Both the distilled and base variants of the model were tried, and they come with a clear time-complexity trade-off: the distilled variant (4 steps) takes 10–20s per image, while the base variant (50 steps) takes approximately 2 minutes, even on an optimized inference engine.

Failed generations

Collapsed table Enlightened T-shirt
  • Collapsed table: the table is collapsed, leaving the T-shirt floating with almost no surface context.
  • Enlightened T-shirt: a ghosted, duplicated T-shirt artifact in the upper-left of the generated image.

Evaluation

The simplest evaluation uses a vision LLM judge: it compares the synthetic render against the generated image and returns a similarity score, covering orientation, T-shirt placement, and relative scale.

Judging modes we use

Mode Image editing T2I generation
Prompt tuning Edit + evaluate, then refine the prompt Generate + evaluate, then refine the prompt
Pointwise Score one edit against its source + instruction Score one generation against its prompt
Pairwise Compare two edits, pick the better one Compare two generations, pick the better one

Evaluation metrics

  • How many of the images match the similarity – “Similarity” here is semantic, not pixel-level: the FLUX.2 pass is expected to change texture, color, and photorealistic style, since that’s the whole point of the transformation. What must be preserved:
Constraint What it checks
Orientation The T-shirt’s facing matches the synthetic reference.
Placement The T-shirt stays fully on the table surface, with no floating or clipping outside the table bounds.
Scale The table reads as proportionately larger than the T-shirt, not visually shrunk or dominating.
Integrity Exactly one T-shirt, no duplicated or ghosted garments.
Pose The fold state is still recognizable as the same pose as the synthetic render.

A generated image “matches” only if the vision LLM judge scores it as satisfying all of these constraints, not just some of them.

  • What are the improvements that could be done – This splits into two levels:
    • Image generation quality – better prompt conditioning to preserve scene geometry (table boundaries, occlusion regions), and choosing the base (50-step) model over the distilled (4-step) one when fidelity matters more than generation speed.
    • Pipeline level – replacing a purely vision-LLM-judge similarity score with the physics-informed metric noted below, and feeding failure cases back into prompt iteration rather than treating each generation as a one-shot attempt.

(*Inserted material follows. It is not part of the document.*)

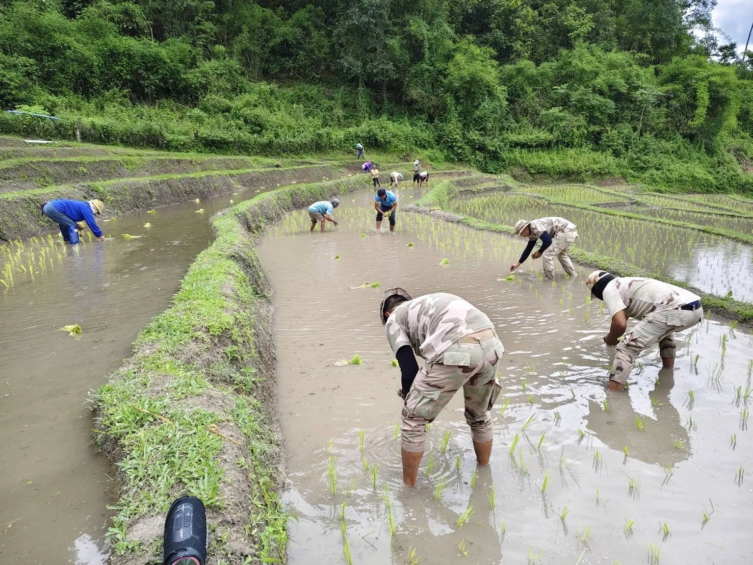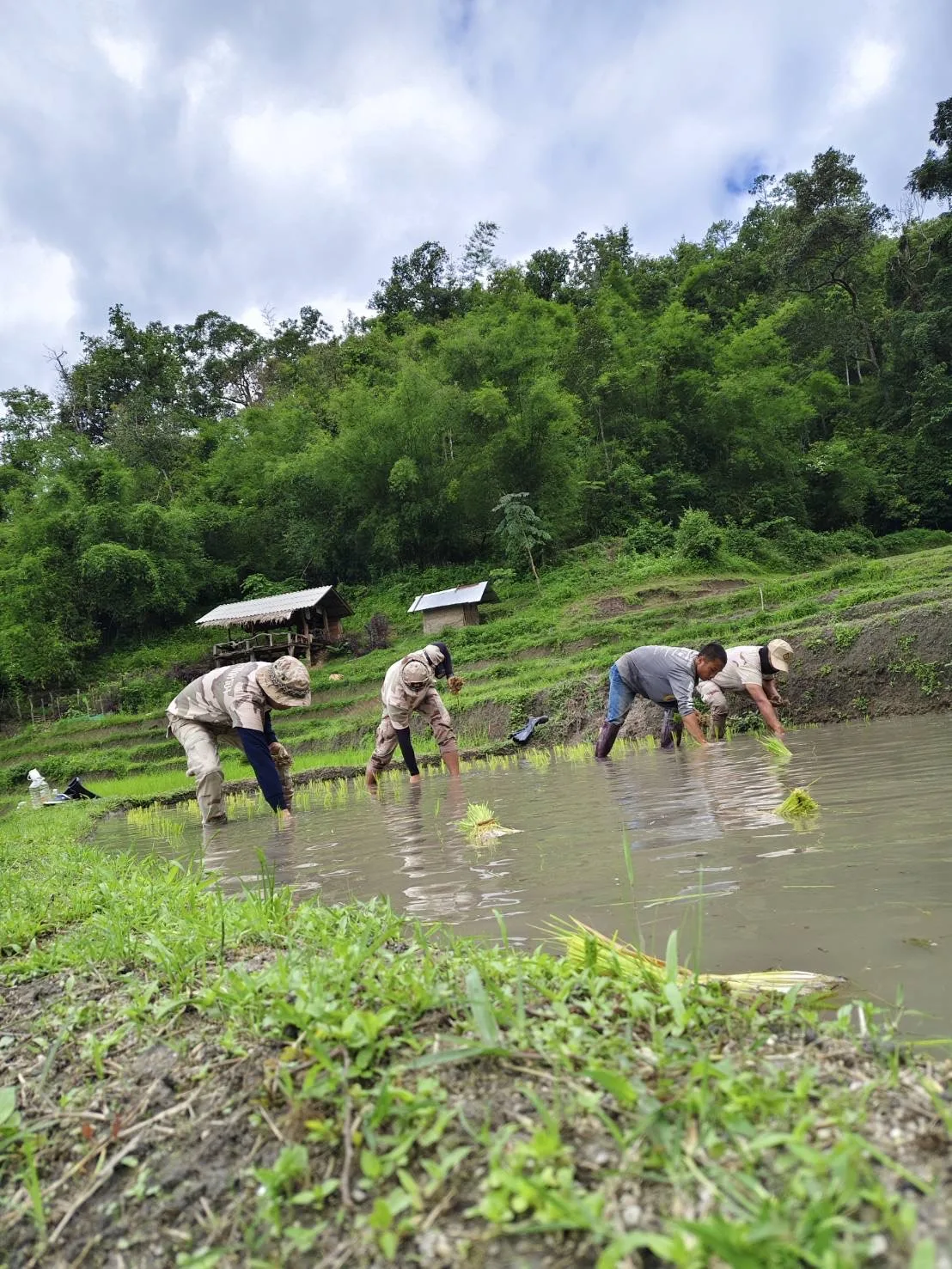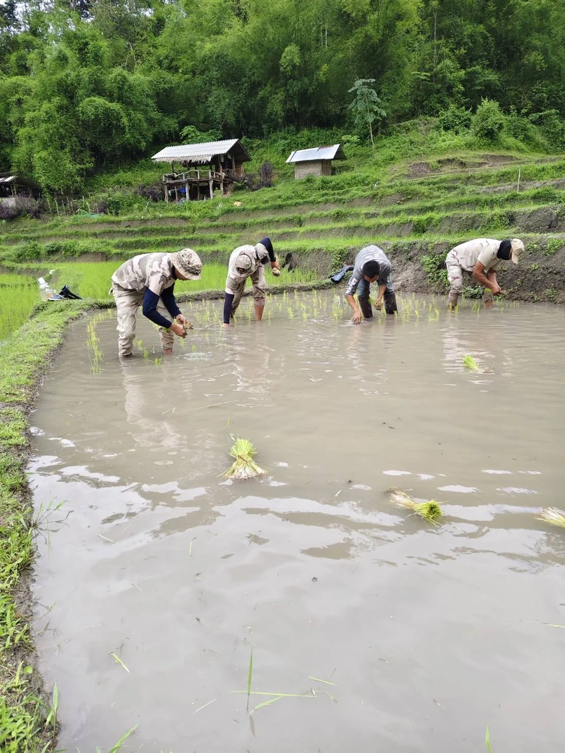 สานสัมพันธ์ที่ดีกับประชาชนในพื้นที่ สมาชิก อส.แม่แตงที่ 10 ลงแปลงนาปลูกข้าวพันธุ์พื้นเมือง ร่วมกับพี่น้องชนเผ่าปกาเกอะญอ บ้านหัวเลา

In practice, we score each generated image using a weighted combination of the vision LLM judge and classical image-processing checks, and use that combined score to validate the image before it’s admitted into the pre-training pipeline.

Insights from our data

  1. Occlusion regions are where the model struggles most: samples with occluded T-shirt or table regions consistently showed generation issues.
  2. A physics-informed metric would catch these failure modes more reliably than the current vision LLM judge alone.
  3. Getting to the best generated image took several rounds of prompt iteration rather than a single pass.

Conclusion

Pairing Blender’s synthetic renders with FLUX.2/Qwen/flux_edit generation gives us a controllable way to inject real-world variance such as lighting and disturbances that the simulation alone can’t produce, while the vision LLM judge keeps generated images anchored to the original orientation, placement, and scale. The main open gap is occlusion handling, which is where we’re focusing next, alongside folding in a physics-informed metric to complement the LLM judge.